O meu ultimo “post” foi sobre a “mente aberta” e como eu vejo a utilização desse termo, por isso agora faz sentido “postar” um sobre a mente fechada. Aqui vem ele:
Toda a gente tem direito às suas próprias opiniões, mas não aos seus próprios factos, leis e teorias. Ou funcionam ou não funcionam. Ou funcionam mal. Mas seja como for, opinar não é a ultima palavra no mundo do conhecimento. É a primeira. É a que se tem quando não se sabe melhor que isso. Pode fazer falta, mas quando há melhor é preciso ter a mente aberta. Durante milénios não houve melhor. Durante 200.000 anos o homem não teve mais que senso comum e a sua opinião para o guiar. A escrita tem menos de 7000 anos e o conhecimento transmitido oralmente é uma lotaria.

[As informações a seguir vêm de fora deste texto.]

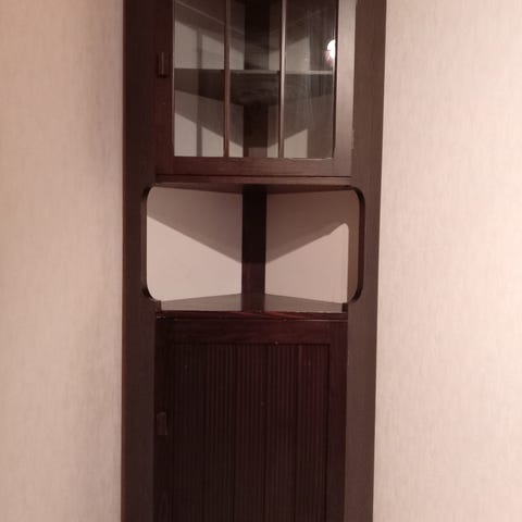 Myydään puinen kulmakaappi. Korkeus 88cm, leveys 110cm ja syvyys 66cm. Ovessa lukko. Lattiamalli (puiset jalat). Ei varauksia

Mas agora tem mais. Tem a filosofia desde a Grécia Antiga e a ciência desde Galileu.
Por isso, penso que o problema está em parte em achar que ninguém deve saber melhor que isso, que a opinião própria, sobretudo quando se trata da nossa opinião. Uma crença que em si deve ter dado segurança e determinação a milhares de homens durante milhares de anos.
É uma coisa relativamente nova poder dispor de tanto conhecimento que é melhor que o opinativo. Há quem considere que a inteligencia é precisamente a capacidade de adaptação a situações novas do ponto de vista evolutivo. Passar a pesquisar o que dizem os especialistas, o que está provado com rigor, como se pode saber o que se sabe, pode muito bem ser em si um sinal (mas não o unico!) de inteligência nessa perspectiva. Se não, pelo menos de “mente aberta”.
A “mente fechada” caracteriza-se não só por não estar aberta a avaliar imparcialmente as evidências como a não estar sequer aberta à sua pesquisa. Prefere fazer julgamentos rápidos menos informados a lentos e mais informados (dantes não era uma opção) e não obstante isso insiste que o seu, por ser seu, é o melhor.
A mente fechada recusa-se a ir mais longe que a opinião. Por preguiça, ignorância, teimosia ou impotência, escolhe defender uma opinião qualquer, que pareça simpática, e não está aberta a estudos sistemáticos, argumentos difíceis de perceber (sobretudo se envolverem matemática), ou que pura e simplesmente requeiram muita aprendizagem nova.
Frequentemente recorre a raciocínios falaciosos sem dar conta disso e considera um exotismo grotesco que se apontem falácias, não gosta que se critiquem as suas ideias – considera-as uma coisa pessoal – e até acha que a ciência ou a filosofia são uma questão de opinião. Aceita testemunho individual como evidencia forte, confunde carisma com autoridade, e vê facilmente relações de causalidade em coisas que tenham uma sequência temporal.
No entanto se lhes perguntarem, às mentes fechadas, se a realidade é uma questão de opinião, a maioria dirá que não. Mas isto não os fará enveredar por uma sede de investigação, procura de conhecimento ou coisa do género. Como se o conhecimento fosse a coisa mais bem distribuida deste mundo, e algo que nunca falta, estão sempre satisfeitas com o que têm e com a qualidade dos seus argumentos. Argumentos esses que lhes parecem bons desde que sejam a defender a ideia que já tinham antes. Coisa que devia era ser ao contrário – ter uma ideia porque é suportada por bons argumentos.
Mesmo quando proferem o seu mais potente argumento: “Porque eu acredito” ou “porque eu sei”, não se dão conta da inversão lógica. E este é o sinal patognomónico da “mente fechada”. É o considerar a sua opinião um argumento em si. Que acreditar é o ponto de partida para formar conhecimento – numa confusão desastrosa entre mapa e território. Está errado. Depois é enveredar numa odisseia de confirmation bias” e temos a mente fechada feita de ideias… Fechadas? Sim, é o termo correcto. Fechadas a serem testadas.
As coisas não são como são só porque nós gostávamos que fosse assim, fosse bom que fosse assim, acreditamos que é assim ou até que devia ser assim.
Dá trabalho, e às vezes não está ao nosso alcance perceber tudo. Mas sinceramente. Vale a pena.
Agora uma nota importante: A “mente fechada” de Linaeus, como digo a brincar, caracterizada por todos estes pontos o tempo todo, é uma abstracção. Não corresponde a ninguém. É um exagero para tentar caricaturizar um estereótipo de comportamento e um estado mental, não tanto de carácter – felizmente a mente fechada é algo que não ocorre o tempo todo mesmo nas mentes mais susceptíveis. Pelo menos que eu tenha presenciado.
2 comentários
Parabéns, João Coutinho, um texto inspirado e com visão correta.